— WHAT TO PRODUCE —
Only the lines below from the one containing "Enhance your accessory" through the one containing "BAYSA gri renk" belong in the answer, repeated exactly and without pictures.

— DATA PROVIDED —
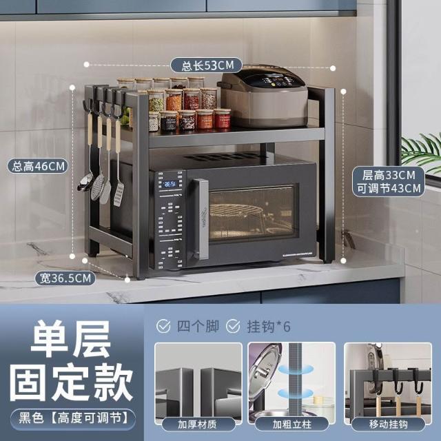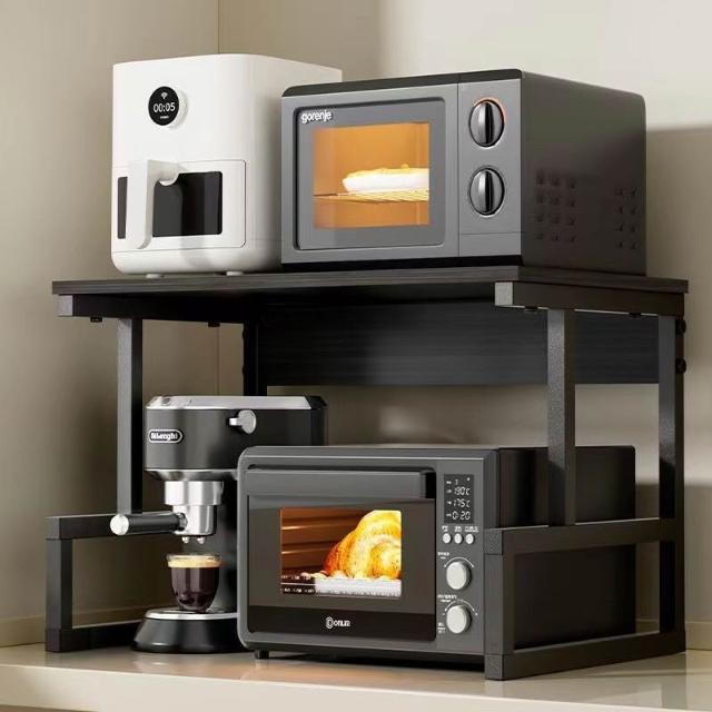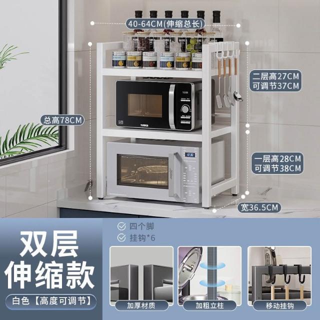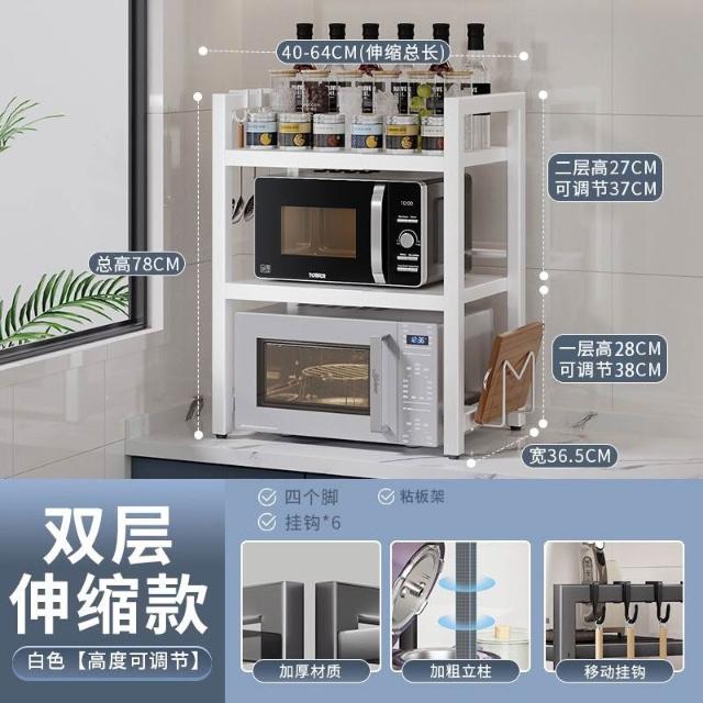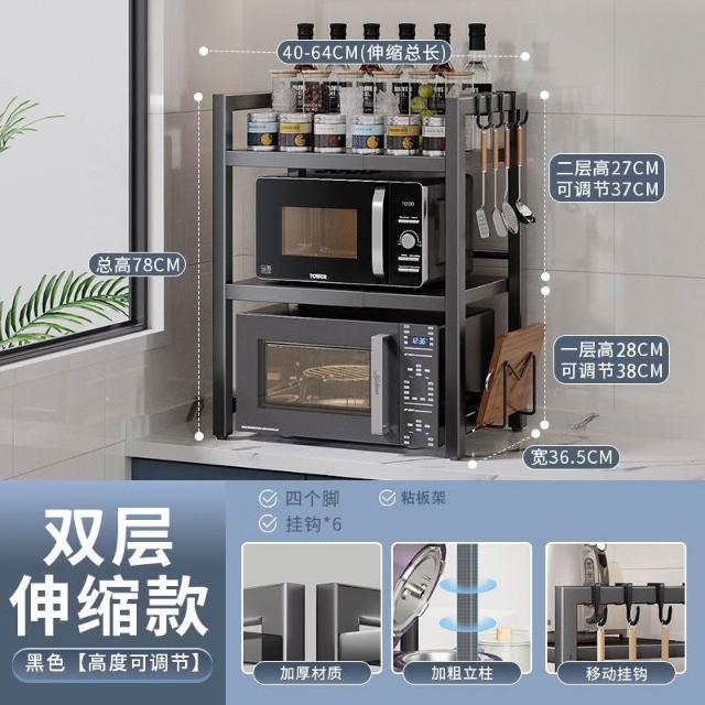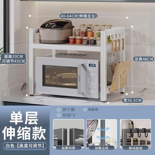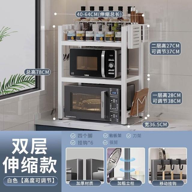 暖巢家居 落地伸縮微波爐置物架 多層烤箱臺面物品收納架 可調高度廚房儲物架
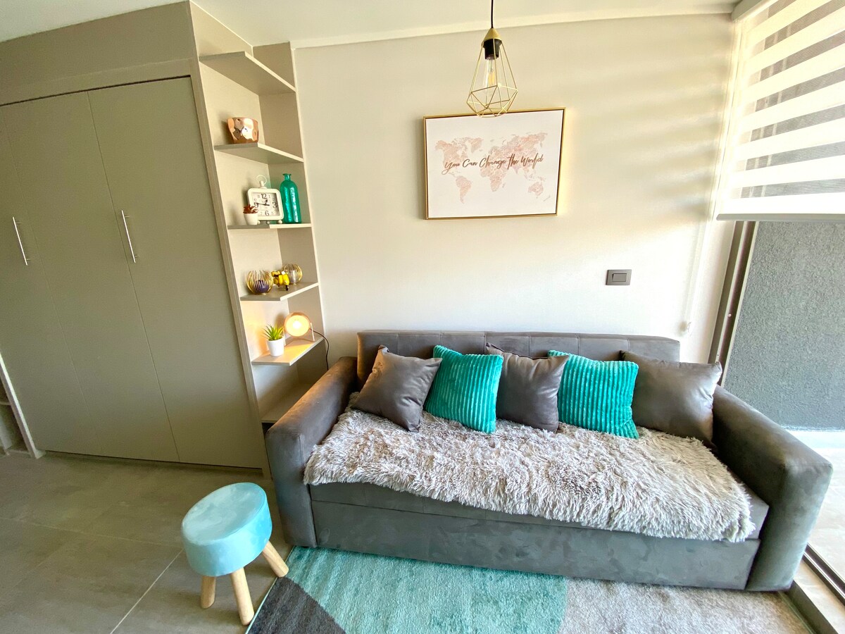 Lindo departamento con terraza vista al mar, un dormitorio un baño, completamente amoblado y equipado. Cuenta con wifi y cable para la tv smart de 42 pulgadas. Excelente iluminación. Edificio cuenta con consejería 24 hrs, 2 piscinas: exterior y temperada, gimnasio, sauna, quincho, lavandería y estacionamiento. Se encuentra cerca de supermercados, bencineras, farmacias. Ubicado a 5 minutos de la playa en auto, y 20 minutos a pie. Se ofrece descuento del 10% a estadías mayores a 7 días.
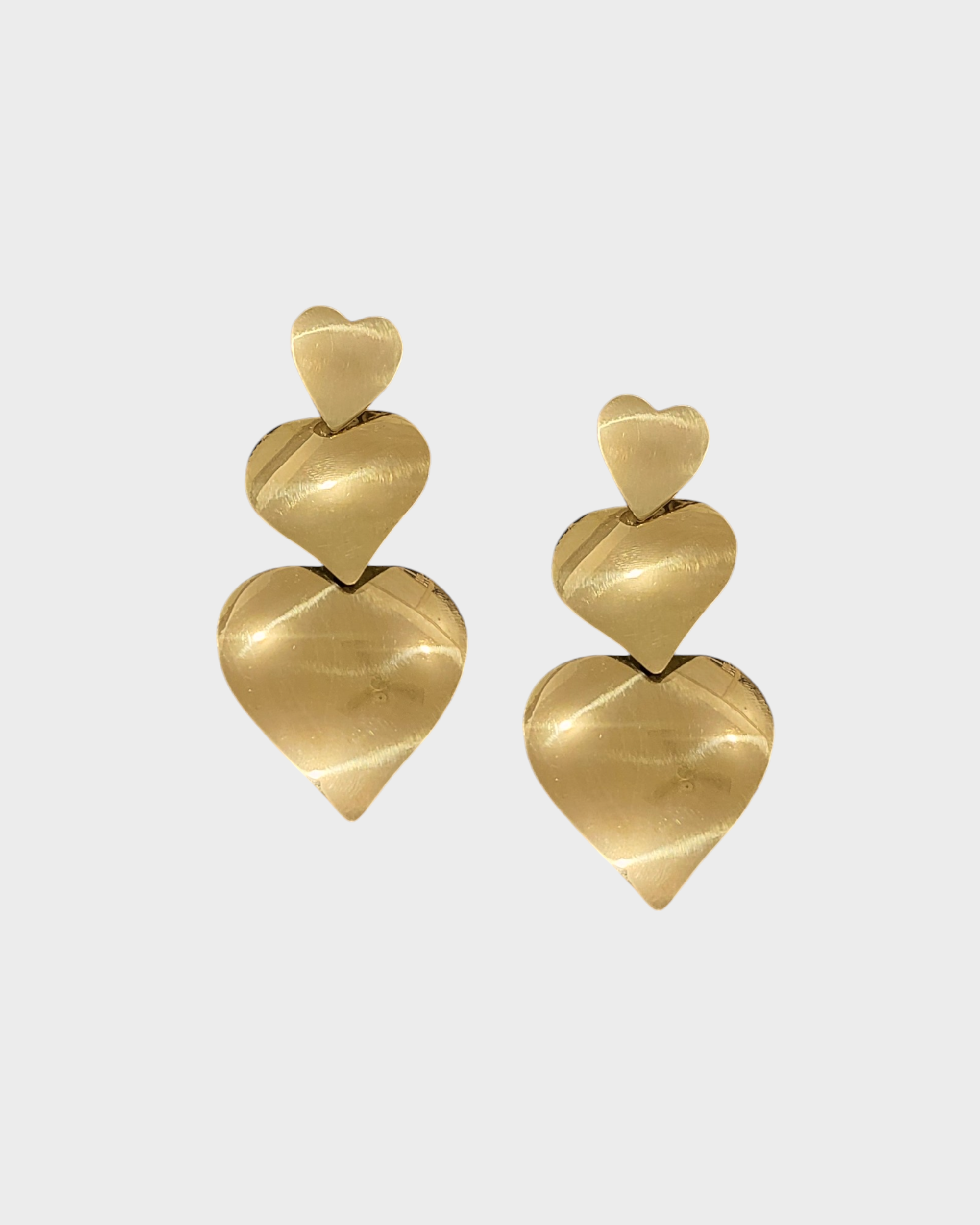 Enhance your accessory collection with these exquisite brass heart earrings. Made of shimmering brass, they exude sophistication and elevate any ensemble. Suitable for everyday wear and special events, these earrings are a must-have for those who appreciate a subtle touch of glamour.
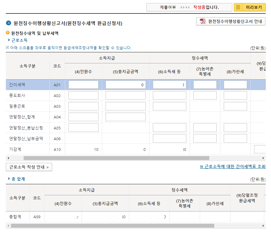 간이세액 (4)인원수와 (5)총지급액 (6)소득세 등을 정확하게 입력하고 가감계를 확인합니다.
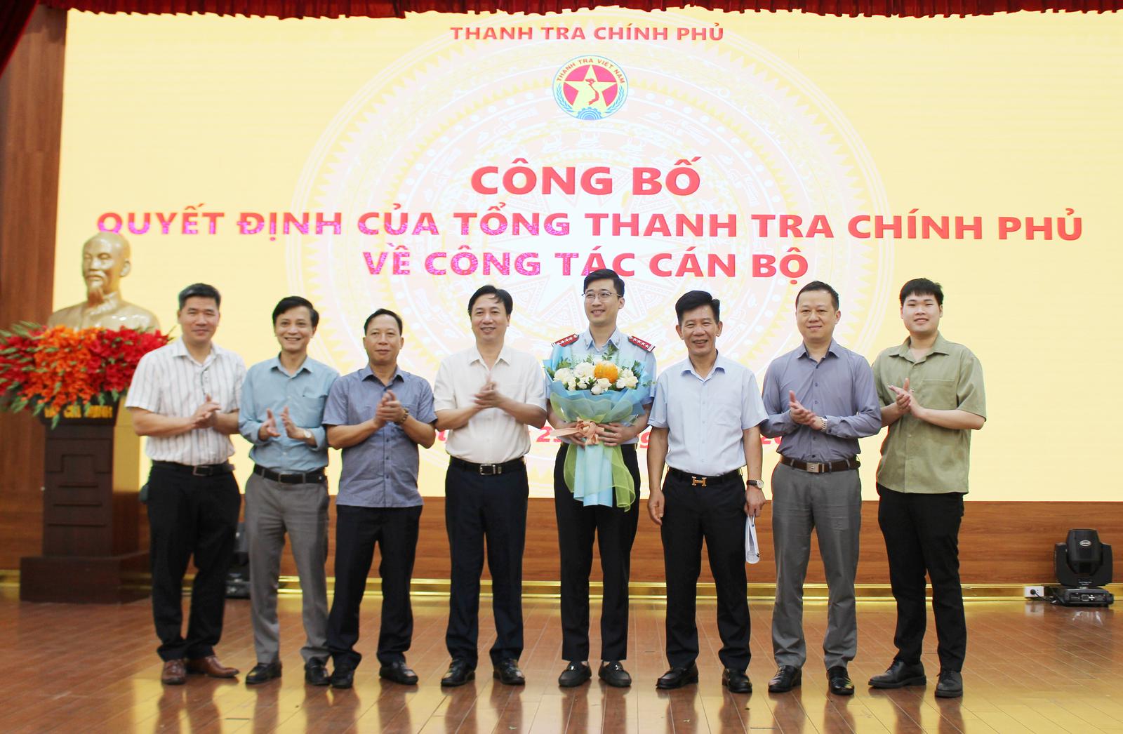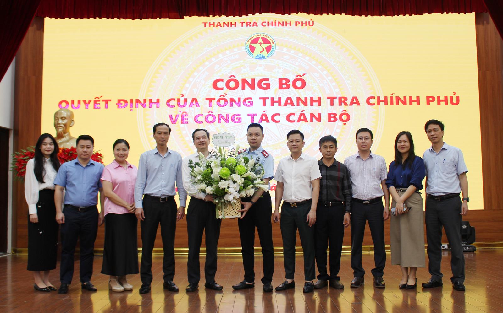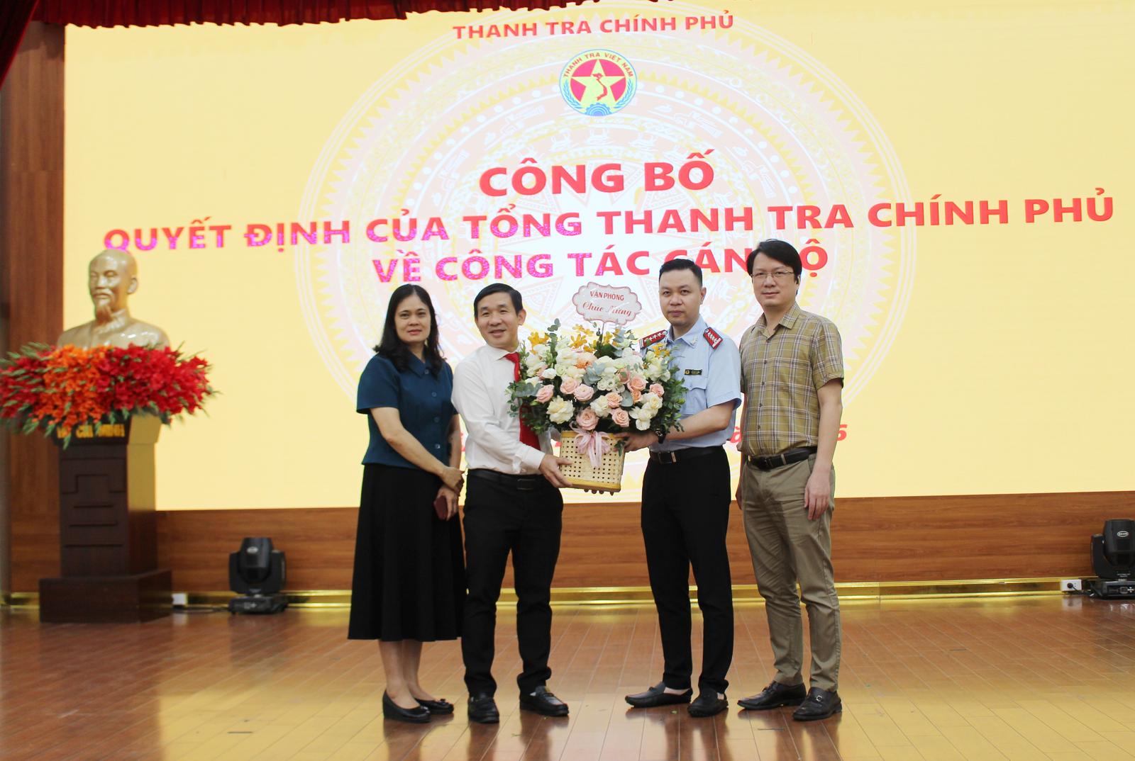 Lãnh đạo Văn phòng Thanh tra Chính phủ tặng hoa chúc mừng tân Phó Cục trưởng Cục VI Vũ Thiết Hoàng. Ảnh: LP
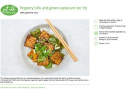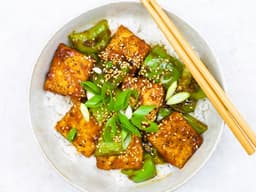 Tofu hi-protein firm (Soy), Water (pantry item), Green capsicum, Jasmine rice, Pepper stir-fry sauce [Tamari (Soy), Maple syrup, Gluten free kecap manis (Soy)], Vegetable oil, Tofu coating for peppery tofu [Cornstarch (GF), Freshly ground black pepper, Ground white pepper], Spring onion, Ginger, Cornstarch (pantry item), Toasted sesame seeds, Garlic
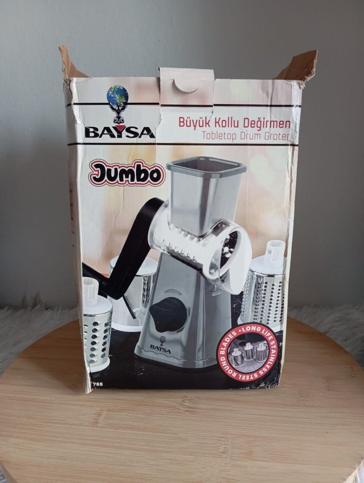 BAYSA gri renk büyük kollu masa üstü tambur rende, dayanıklı ve kullanışlıdır. Farklı rende tamburları ile çeşitli mutfak işlerine uygundur.
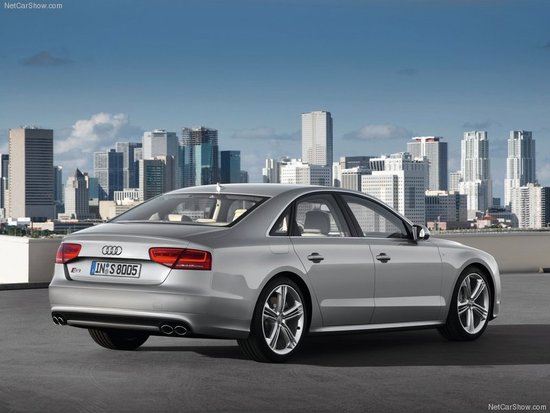 车窗部分的饰条也被取消以符合运动化车型的需求,铝制风格的外后视镜壳、双侧双出后排气管,独特的20英寸五幅运动化轮毂(可选21英寸轮毂)、黑色的刹车卡钳配合前400毫米、后365毫米的大尺寸打孔刹车盘(还可选择碳纤维刹车盘)都是S8所独有的配置。同时,S8也标配了LED头灯和双层玻璃。

— FINAL ANSWER —
 Enhance your accessory collection with these exquisite brass heart earrings. Made of shimmering brass, they exude sophistication and elevate any ensemble. Suitable for everyday wear and special events, these earrings are a must-have for those who appreciate a subtle touch of glamour.
 간이세액 (4)인원수와 (5)총지급액 (6)소득세 등을 정확하게 입력하고 가감계를 확인합니다.
 Lãnh đạo Văn phòng Thanh tra Chính phủ tặng hoa chúc mừng tân Phó Cục trưởng Cục VI Vũ Thiết Hoàng. Ảnh: LP
 Tofu hi-protein firm (Soy), Water (pantry item), Green capsicum, Jasmine rice, Pepper stir-fry sauce [Tamari (Soy), Maple syrup, Gluten free kecap manis (Soy)], Vegetable oil, Tofu coating for peppery tofu [Cornstarch (GF), Freshly ground black pepper, Ground white pepper], Spring onion, Ginger, Cornstarch (pantry item), Toasted sesame seeds, Garlic
 BAYSA gri renk büyük kollu masa üstü tambur rende, dayanıklı ve kullanışlıdır. Farklı rende tamburları ile çeşitli mutfak işlerine uygundur.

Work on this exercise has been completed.